In the event the quarterly advances of the cash bonus paid during the
year exceeds the cash bonus to be paid based on annual audited
financial statements, Nowek will pay the excess within ten (10) days
following such determination.
The Compensation payable pursuant to this Section 2.1 shall be retroactive to
January 1, 1997, notwithstanding the date of execution of this Agreement, in
view of the performance by Nowek of the duties described in this Agreement since
January 1, 1997.
3. STOCK OPTIONS
3.1 In addition to the compensation payable pursuant to Section 2.1,
Turbodyne shall grant to Nowek options to acquire 200,000 shares of stock in
Turbodyne in each year of the term of this agreement. The option price and the
terms and conditions of the options shall be determined in accordance with the
Turbodyne stock option plan in effect at the time of granting of the options.
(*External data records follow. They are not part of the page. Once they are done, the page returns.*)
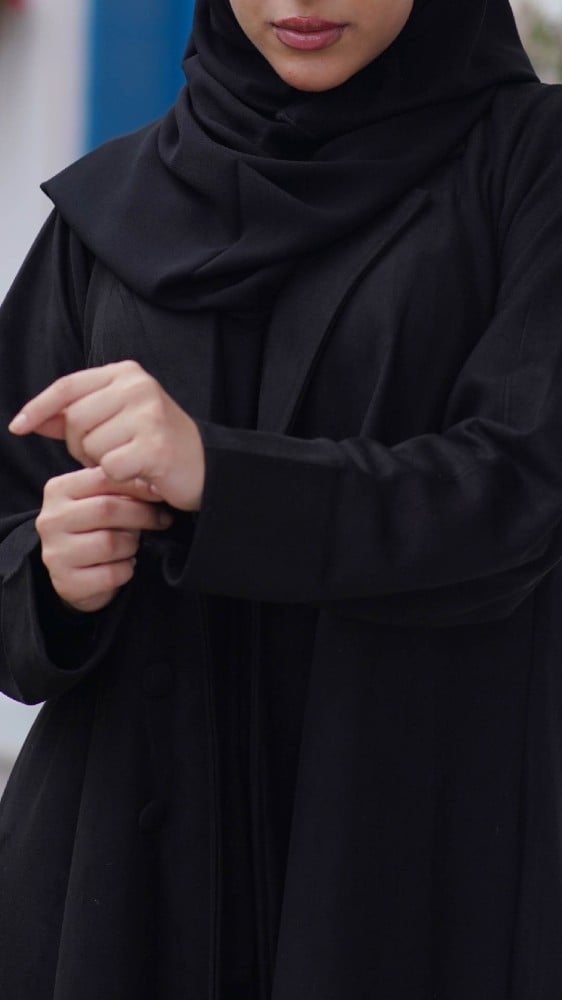 العباية مميزة بقصتها الكلوش العملية للدوام واللبس لساعات طويلة وكذا القماش المستخدم في نسجها من خامة الشامواه عالي الجودة يدفيك في الأجواء الباردة وشبة الباردة، صممناها مفتوحة ومزينة بأزرة قماشية من الأمام لتمنحك إطلالة رسمية أنيقة،
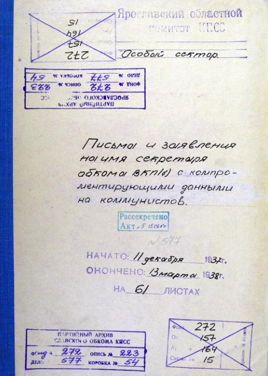 Письма и заявления на имя секретаря Ярославского обкома ВКП(б) с компрометирующими данными на коммунистов. 13 марта 1938 г.
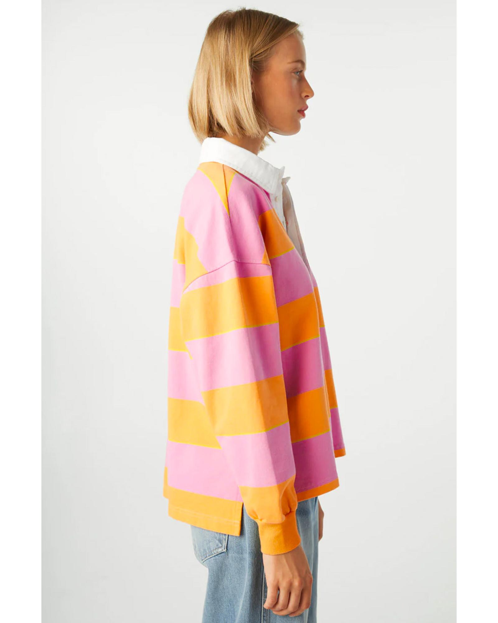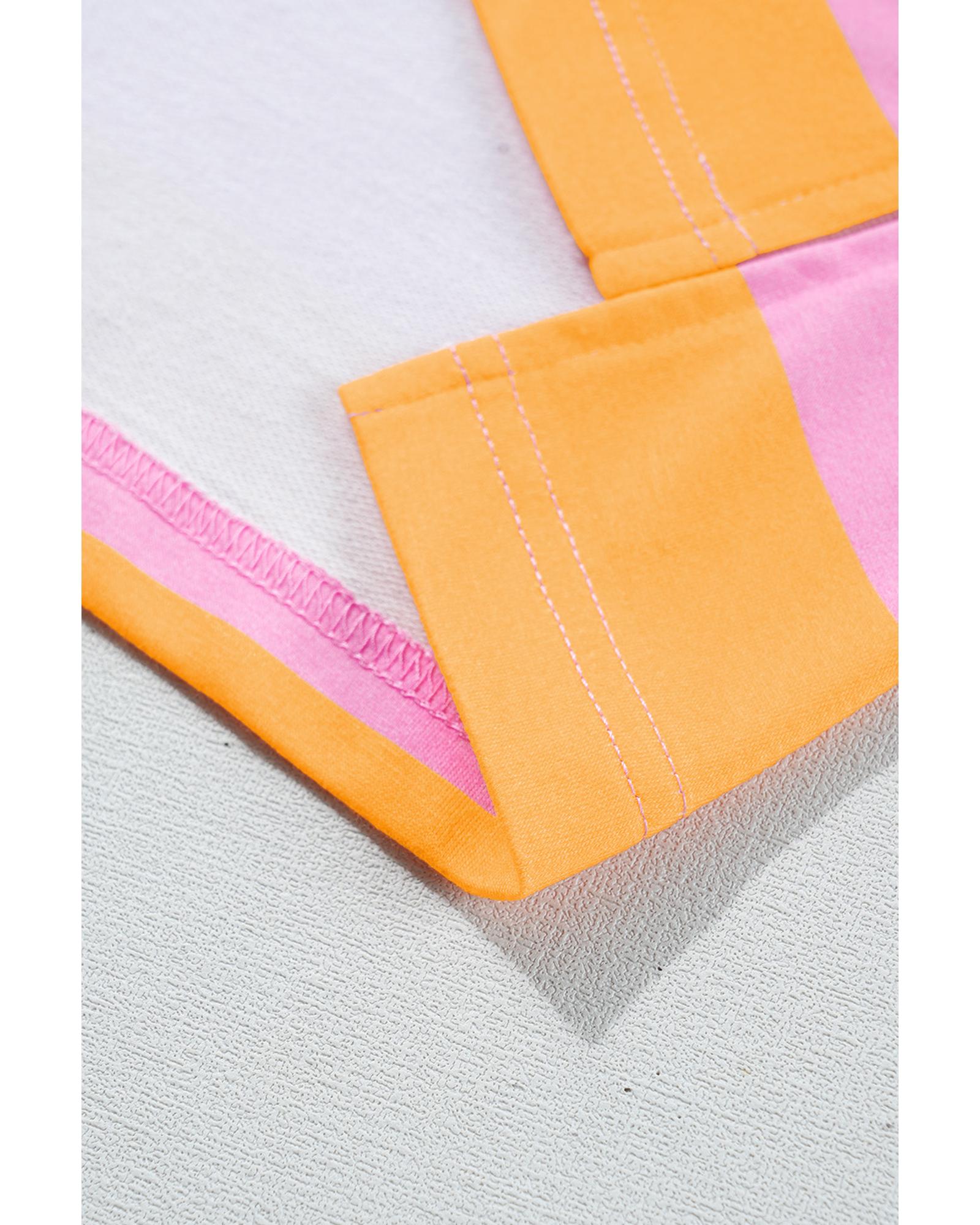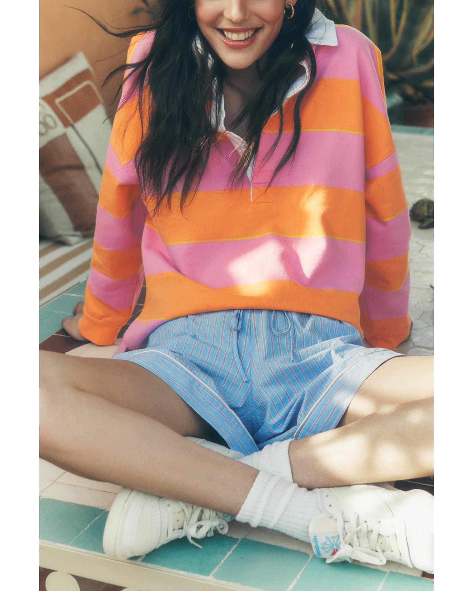 Yellow Stripe Color Block Polo Collar Sweatshirt – M
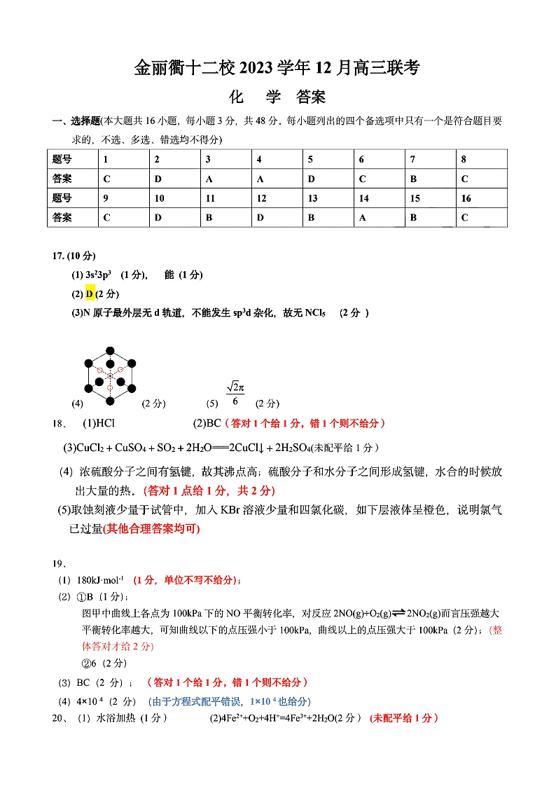 浙江省金丽衢十二校2024届高三上学期12月联考化学答案
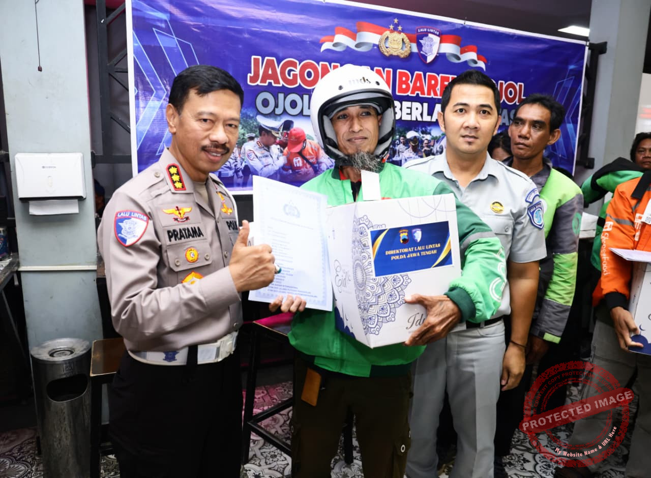 Sebagai bentuk kepedulian, pada akhir kegiatan Dirlantas Polda Jateng menyerahkan bingkisan berupa helm berstandar SNI dan paket sembako kepada seluruh peserta.

The options shall be in effect for a five year term following the granting of
the options. It is understood that these stock options are intended to give Xx.
Xxxxx in incentive to manage Turbodyne and its subsidiary to the benefit of
Turbodyne. To the extent Turbodyne registers any stock in the United States or
Canada under any registration statement during the term of this agreement,
Turbodyne agrees to register sufficient shares to cover the options herein
described. The options are granted in consideration of the execution of this
contract and will survive Xx. Xxxxx'x termination. Turbodyne represents that
any shares referred to above will be issued to Xx. Xxxxx free and clear of any
liens and encumbrances.
4. OTHER BENEFITS
4.1 Nowek, and Nowek's spouse and children, shall be entitled to
participate in any life and disability insurance, pension, dental, medical,
pharmaceutical, hospitalization, health insurance and such other employee
benefit programs as may be provided from time to time by Turbodyne and TSI.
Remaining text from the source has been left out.